Personal information
- Born: October 28, 1995 (age 30) Ocala, Florida, U.S.
- Home town: Aurora, Illinois, U.S.
- Height: 5 ft 0 in (1.52 m)

Figure skating career
- Country: United States
- Coach: John Zimmerman, Silvia Fontana
- Skating club: SC of New York
- Began skating: 2004

Medal record
Representing United States
Figure skating: Pairs
World Junior Championships
| Gold medal – first place | 2013 Milan | Pairs |

= Haven Denney =

American pair skater (born 1995)

Haven Denney (born October 28, 1995) is an American pair skater. With former partner, Brandon Frazier, she is a two-time Skate America silver medalist (2014, 2016), the 2014 CS Lombardia Trophy champion, the 2013 World Junior champion, and the 2017 U.S. national champion.

== Personal life ==
Haven Denney was born in Ocala, Florida.

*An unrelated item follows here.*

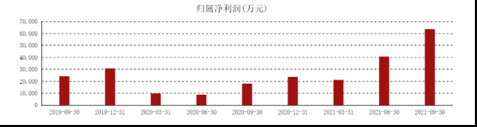 图2 2019.9-2021.9年航锦科技每季归属净利润

Her parents, DeeDee and Bryan Denney, both competed in roller skating. Haven won the 2003 U.S. pairs roller skating silver medal. She is the younger sister of U.S. pair skater Caydee Denney.

== Career ==
=== Early years ===
Haven Denney and Brandon Frazier first teamed up in 2002 as roller skaters before switching to the ice. As figure skaters, they competed together for three seasons from 2005 to 2008, coached by Jim Peterson and Lyndon Johnston. After two seasons on the juvenile level, the pair moved up a level and won the 2008 U.S. intermediate bronze medal. With their families living in different states, the skaters decided to part ways.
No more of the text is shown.